As soon I’m done with that voicemail, I send an email. The email doesn’t go into the ideas I have for you. The email will simply go ahead and repeat what I said on voicemail. “Hey, Marylou. Just left you a voicemail regarding how I might be able to help you solve XYZ. I just need to ask you a few questions first to be sure. In order to avoid playing email phone tag, just pick a time that works best for you here at my calendar.” I would send that out and I would get a 26% response rate on that.

Marylou: Wow.

Michael: If they booked a call during that campaign, if they booked a call, that’s just as good as the callback. But here’s the thing, if I didn’t hear back from them within 24 hours in sending that, I had a second email that would go out automatically––different subject line, a quick little message. If on the next day, towards the end of the next day and the third day, if I didn’t hear back from them again, I would send them another email but that would be my last one. It was a 72-hour outreach that I would do. But it was for a certain type of leads after I just did this live online virtual summit that a lot of them attended and a lot of them sent in my class. There was some familiarity with me. After the third message and 72 hours, if they didn’t respond, okay, I know they got the message and if the timing or situation is not right, I’m not going to keep chasing. I would just put in my drip marketing campaign. I let the email side takeover now, put that back there. I go on to the next one.

Marylou: Right. Do you use […] any of your stuff now like LinkedIn in connecting that way?

Michael: I love LinkedIn. I absolutely love LinkedIn. But I think I use it differently than others. Yes, I will connect with them. I don’t know what it is. I think there’s enough people like you and I that have been promoting that if you’re going to use LinkedIn and somebody connects with you, do not email blast them the second they connect with you with 10 paragraphs of what you offer.

Marylou: I so agree with you on that.

Michael: Right. It goes right back to dating or meeting somebody. You don’t just ask them to marry you after you said hi. You know what I mean? I think people are impatient especially the millennials, they’re really impatient. I think that there’s a lot we can learn from the millennials. I’m a Gen X guy myself. For me, the generation before me was you worked for a company for your entire life and then you get a gold watch at the end. My generation came along and said, “Yeah, I’m not going to work my entire life for somebody just to get hosed at the end.” I’m going to be my own guy. I’m going to make something happen for myself but we weren’t afraid to work hard.

Now, you got the millennials come around, a lot of the people think they’re not willing to work hard. I don’t agree with that. Listen, you can order food on an app now. Two minutes later, it seems like it’s at your door. I think the promise that they’re looking for something to be really quick. I think that’s what we can learn from them where you know what, maybe it doesn’t have to take this long amount of time. At the same time, they have to learn from use where it’s going to take 10 times the amount of effort they’re probably putting into it. Yes, there might be a shorter way but we got to be 10 times smarter. We still have to use the basic principles of selling if you’re going to be successful.
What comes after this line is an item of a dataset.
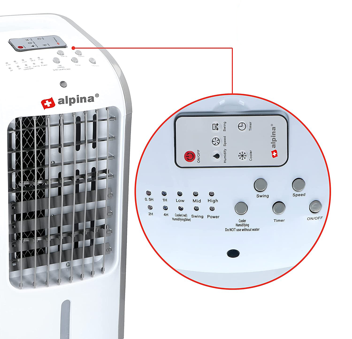 Multifunkční přístroj Alpina navíc vzduch nejen ochlazuje, ale i zvlhčuje. Můžete využít samostatného zvlhčování vzduchu bez chlazení nebo zapnout pouze ventilátor.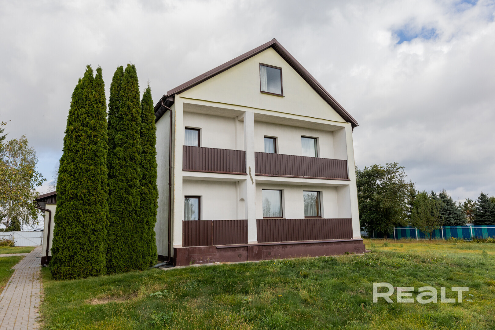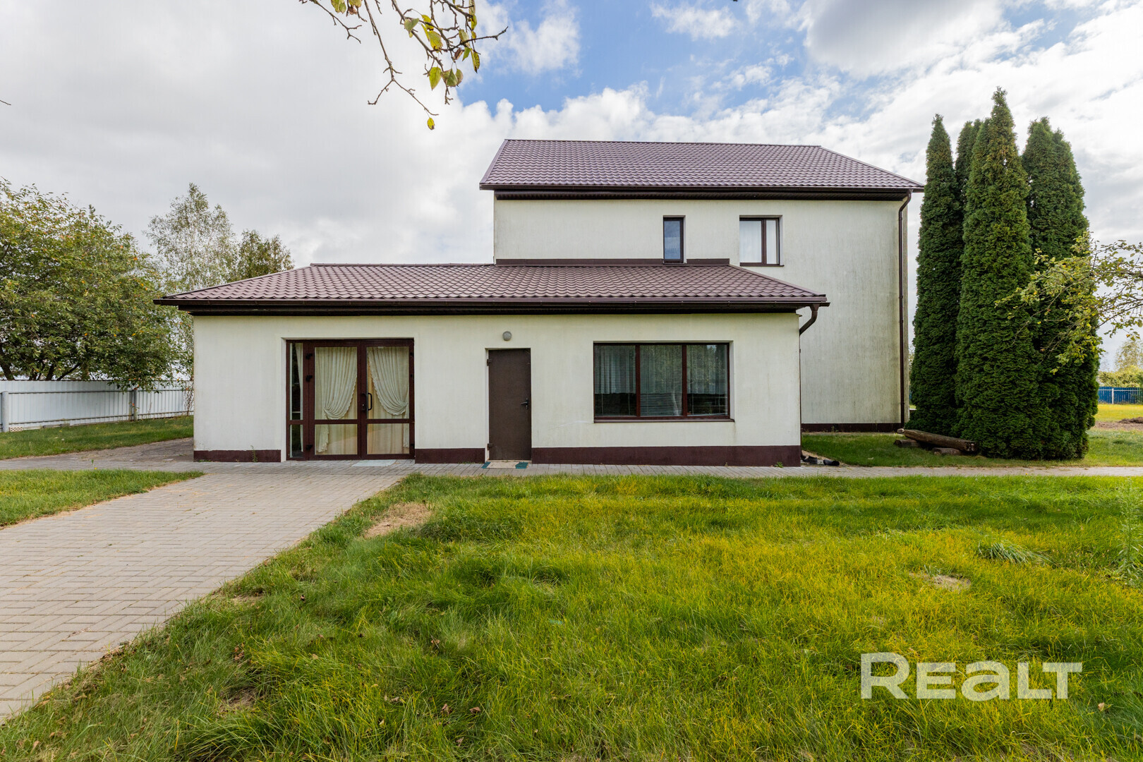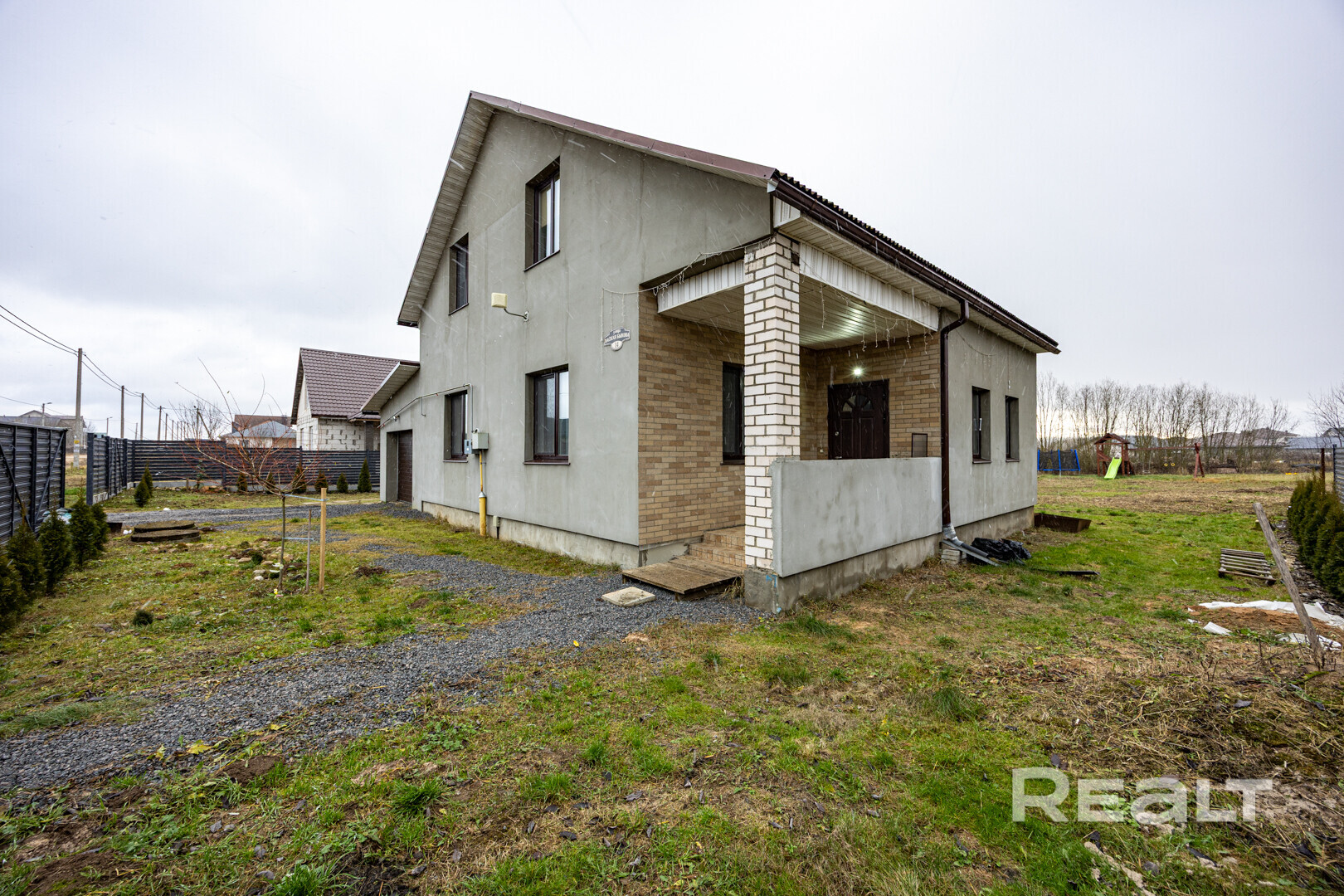 Коттедж двухэтажный, с пристроенным гаражом. Построен из блоков, утеплен и оштукатурен. На крыше – ондулин.

You could have the tools and Twitter, LinkedIn, and all that stuff you can reach your prospect, but if you don’t know how to pique their interest, it goes back to the old days of meeting somebody face to face and showing interest in getting to talk. If you can’t do that, then it doesn’t matter how fast you get to them. You’re not going to get the results you want. What happens, you’re just burn through a bunch of good quality leads that could’ve been deals and then you’re left with nothing. Now, you’re like, “Okay, this doesn’t work.” That’s the problem.

Marylou: Definitely. I’d like to think of LinkedIn more as a permission-based tool. I get a lot of connects. When I connect with somebody then I get this dissertation which is like, I don’t even know you yet but I do like it from the standpoint of connecting people and then asking permission to give them something later on. I don’t put any URLs or any type of links in my email messaging unless they have given me the permission to do so. That’s how I view LinkedIn; it’s more awareness, I think, rather than […]

Michael: Yeah. You’re spot on. Here’s the other thing too. If I connect with somebody, or if I’m reaching to out to somebody, a lot of that, I don’t even contact them after that. Now that we’re connected, I just try to make sure that a couple of times a day, I’ll have one of my blogpost get reposted to LinkedIn because what ends up happening is, instead of me, “Okay, we’re connected. Now, chances are if we’re connected.” When they go to their feed, especially if they started to follow me once we get connected, now, they see my stuff in their feed. If there’s an article I’ve written––I’ve written a handful––there’s one that they see and it piques their interest, they go to read it, they like it, and next thing you know, they’re reaching out to me. That’s the way social media should be working. There’s too many people out there that are saying cold calling is dead. You should probably do social media. Most people don’t realize, it takes time to build a brand.

Marylou: It’s attraction.

Michael: Yes. I think you need a combination of things. Sure, spending an hour a day doing your social selling, promoting your stuff out there, getting things going out there, but you also need to put time to picking up the phone and making what I call, first time outbound call meaning people you never tried before. By the way, that means people you try on a second, third, or fourth time, those aren’t follow ups. If you’ve never talk to them, that’s first time attempt, second time attempt, third attempt, then you also have your time where you’re going to be following up with people you have spoken with but haven’t closed yet.

I’m totally fine with dividing the day up to a little bit social selling, a little bit first time calling, and then follow up calls. If you organize your day that way and you put in a really good effort everyday, you’re going to generate results.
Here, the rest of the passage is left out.